# Fairbanks Field Trial



## Alaska7133 (May 26, 2011)

Darn, I didn't go, and I haven't had the full report yet. Gwen was running her boy out of Flash in the derby and I think he was out fairly quickly unfortunately. I heard 50% of the Open dogs were out in the first series. Bob had River (River won the Q at national last year) in Open and was really disappointed, he was out in the 3rd series. There was another golden that got a reserve jam in the Q and another young girl running the derby that didn't make it all the way through either. But I haven't heard about the whole thing yet. Any dogs in particular that you were thinking of?


----------



## FTGoldens (Dec 20, 2012)

None in particular. I was really just wondering if you had been able to watch any of it ... and if you assisted with the flyer station.


----------



## Alaska7133 (May 26, 2011)

No I didn't make the long drive up. I would have liked to. But Fairbanks is 7 hours away. The next field trials are down this way. So I can volunteer for those.

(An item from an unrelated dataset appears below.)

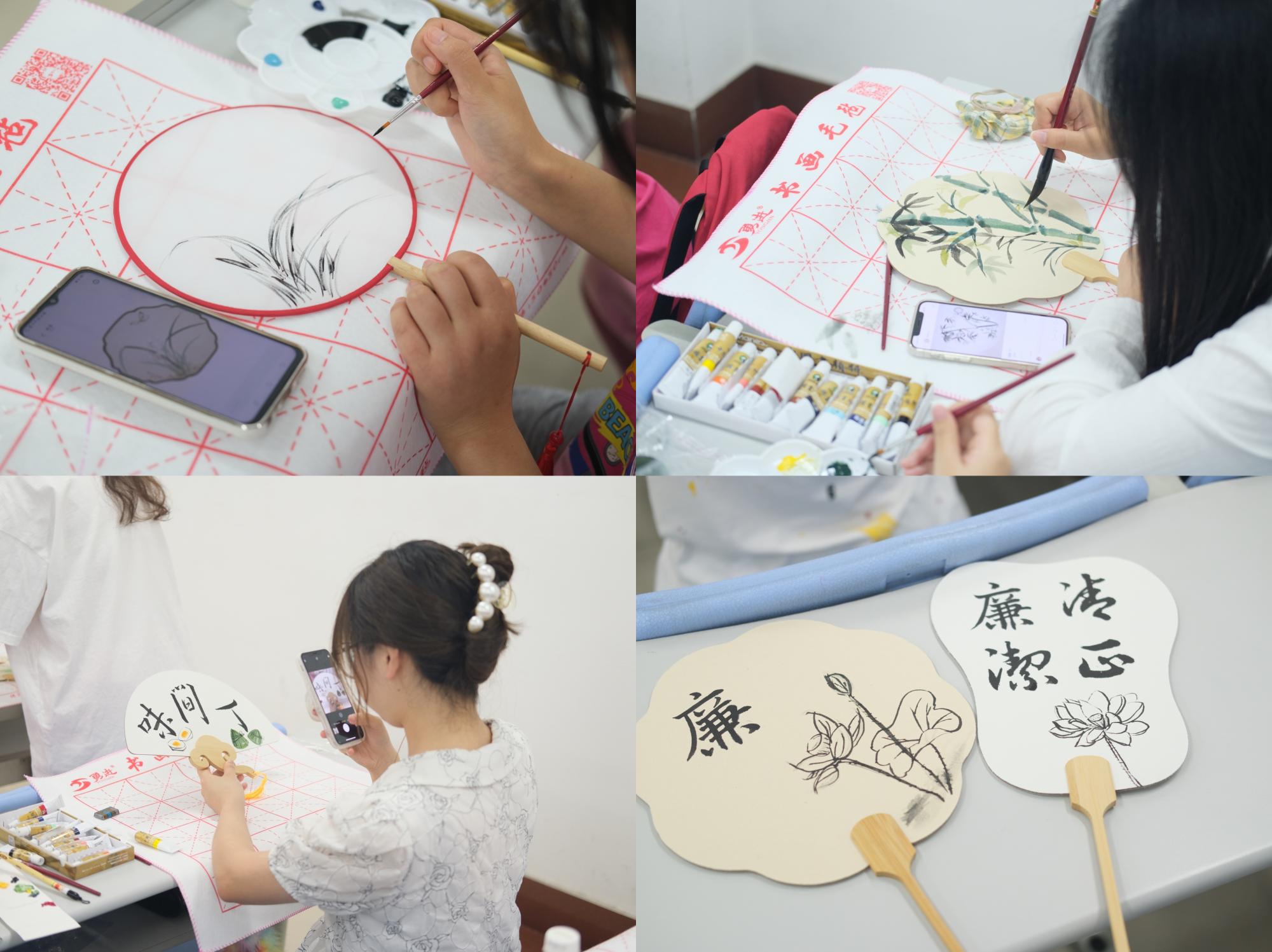 活动深挖端午的廉洁文化内涵,巧借“扇”与“善”、“清”与“廉”的寓意,采用画“廉扇”的形式,营造学廉、知廉、尊廉、倡廉的浓厚氛围,丰富了廉洁文化教育教学载体。当水墨与廉洁相结合,莲花、梅兰竹菊等跃然于扇面。团扇摇曳,不仅扇出阵阵凉风,更送出了清廉之风。

You should see that puppy out of Flash. He's a nice dog! But he's in derbies up against dogs that have run 20 derbies already and he's run 3. Pretty tough competition when you're up here trying to run field trials when there are only 6 a year.


----------



## Alaska7133 (May 26, 2011)

Last weekend didn't go well for the goldens in Fairbanks again. Neither got past the 1st series. I heard the grass was super deep and very hard to find the birds. G said she won't be bringing her Flash puppy to national this year, he's not ready for the Q. This is G and her puppy at a derby last month. He's a very nice looking dog, very well put together. G really needs to send him to the states.


----------